Standing there, wondering to myself why I’d felt the urge to find a spot on the floor and to go it alone for the rest of the set, I started to realize that maybe I’d begun to find my way out of this rockwriting racket. I’d moved away from everyone else because I wanted to feel loose and free, to just stand there and smile and absorb the relentless barrage of unholy and pure rock moments that the Legends were hurling my way. I’d become a rockroll cynic and now had traveled down its river to find and kill my own dark, black hardened Col. Kurtz-ian heart.

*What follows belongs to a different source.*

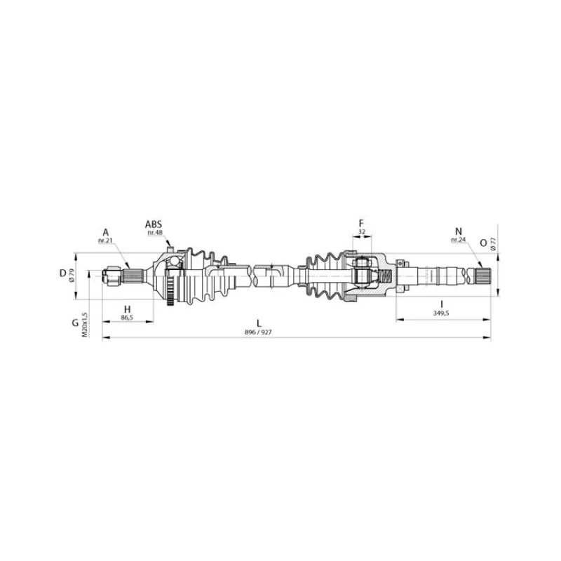 Arbre de transmission complet droit Peugeot 206 1,9D

Epiphany? This wasn’t a revelation by any means. This wasn’t destined to be one of thoses nights when I was going to walk away from rockroll a revivified and revitalized Apostle. This was a night about redemption, personal redemption - self.   About carving a scaborous cancerous doubt from my feeble heart and finding out why I loved music in the first place. For me. This isn't the time to be the Rah! Rah! guy for a band or their music – I’m just gonna leave it that these boys in the Bedroom Legends were able to help this poor fellow out in a time of desperate need. I will tell you all that their music, their spirit, their obvious sense of camaraderie, and their unpretentious approach to exorcising their own demons through this thing called rockroll did allow me, for a fleeting moment or two, to feel alive again. That their record and live gig stripped a layer of rancid callous from my sick heart. And that, while I’m not sure how much longer I’ll keep doing this rockwrite thing (they didn’t make me feel any different about that, and in fact probably convinced me of why I need to keep working on a way out) when I do finally escape it I’ll know who to turn to and thank.